On the modified $J$-equation

TL;DR

This paper investigates the modified J-equation on compact Kähler manifolds, establishing a link between solvability and functional coercivity, and proposes a Nakai-Moishezon criterion for existence, verified in toric cases, with implications for extremal Kähler metrics.

Contribution

It introduces a Nakai-Moishezon type criterion for the modified J-equation and verifies it in specific cases, extending previous work and suggesting a new algebro-geometric perspective.

Findings

Solvability of the modified J-equation is equivalent to the coercivity of the modified J-functional.

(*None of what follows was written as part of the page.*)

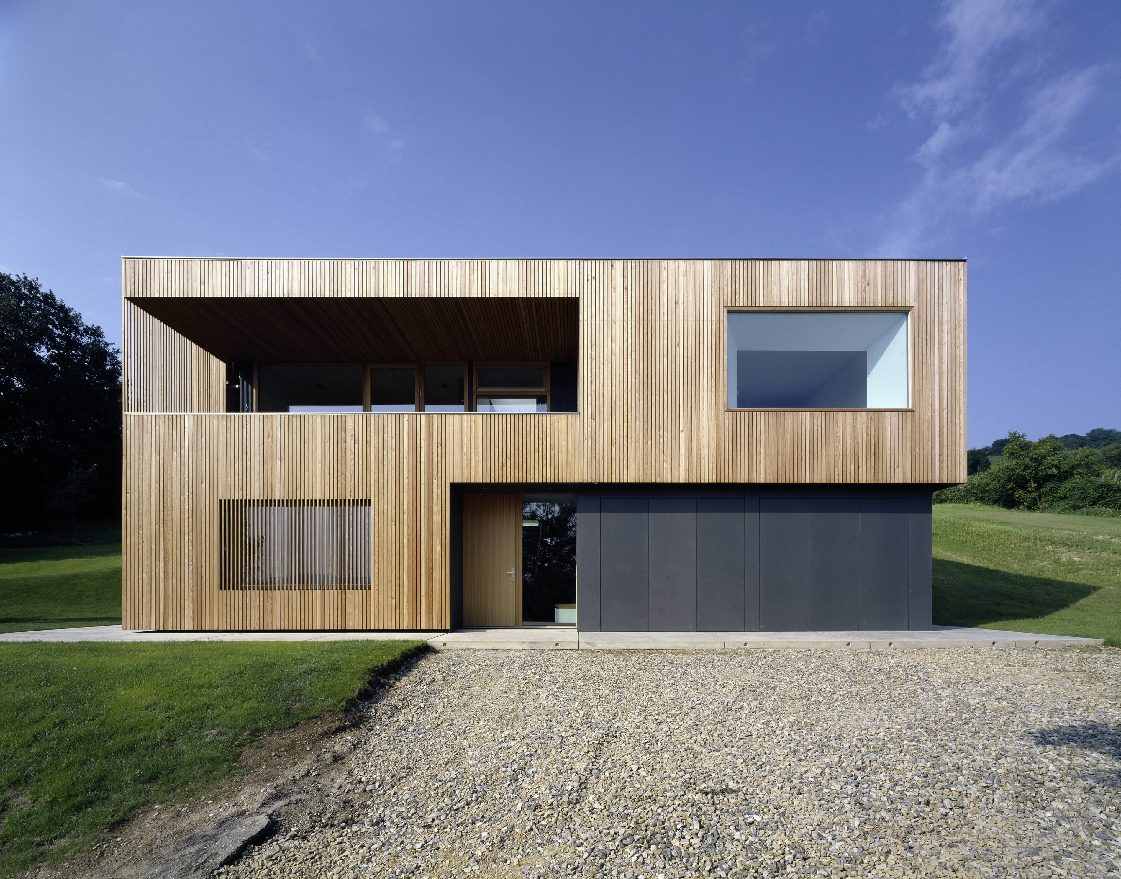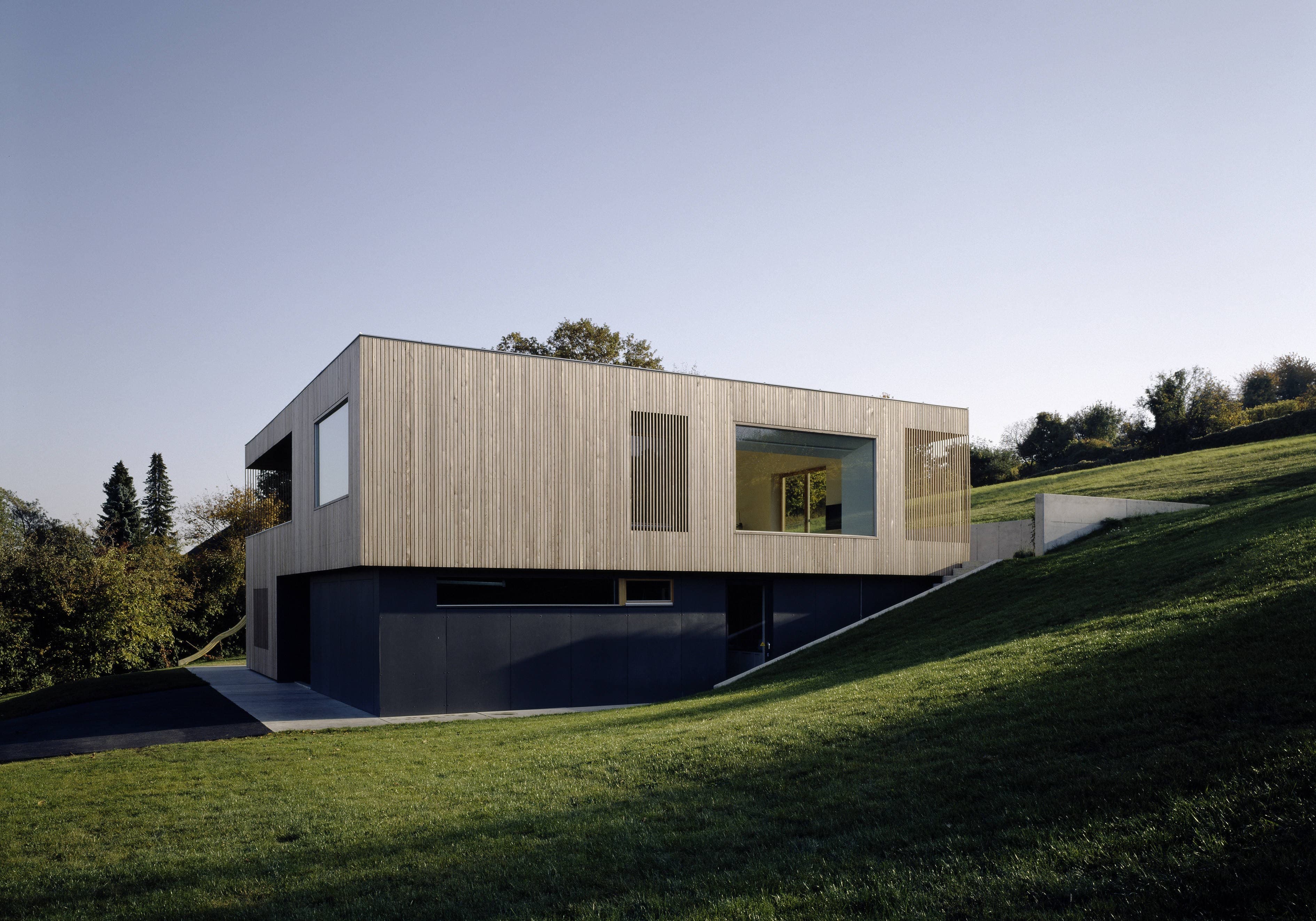 Sanft, aber massiv in den nordseitigen Hang gegraben, erhebt sich das Obergeschoss in Holz über die Weinberge von Niederösterreich. Die Terrassen und der Pool lassen den Wohnraum mit der Landschaft verschmelzen. Schlicht und echt die Materialisierung, sowohl im Hanggeschoss mit Eingang, Kinderzimmern und Nebenräumen, als auch im Obergeschoss mit Aufenthaltsräumen der Bauherren.
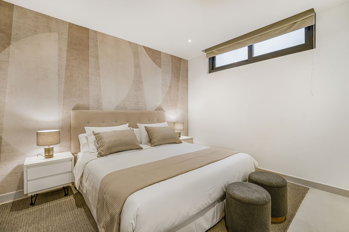 El nivel inferior está dedicado al ocio y la comodidad y ofrece una amplia sala de estar con bar, mesa de billar y dos suites adicionales para invitados.Este nivel también proporciona acceso a un garaje privado con espacio para tres coches y estaciones de carga eléctrica.

A Nakai-Moishezon type criterion for existence is formulated and verified in toric cases.

Potential for a numerical criterion for extremal Kähler metrics under the conjectural framework.

Abstract

In this paper, we study the modified $J$-equation introduced by Li-Shi. We first show that, on compact K\"ahler manifolds, the solvability of the modified $J$-equation is equivalent to the coercivity of the modified $J$-functional. Motivated by this characterization, we formulate a Nakai-Moishezon type criterion for the existence of solutions to the modified $J$-equation on general compact K\"ahler manifolds. We then verify this conjectural criterion in the case of smooth projective toric varieties. This extends the work of Collins-Sz\'ekelyhidi and provides further evidence for the expected algebro-geometric nature of the modified $J$-equation. As a potential application, we combine our results with Delcroix-Jubert. Assuming our conjectural Nakai-Moishezon type criterion holds in general, we obtain a numerical sufficient condition for the existence of extremal K\"ahler metrics on arbitrary compact K\"ahler manifolds.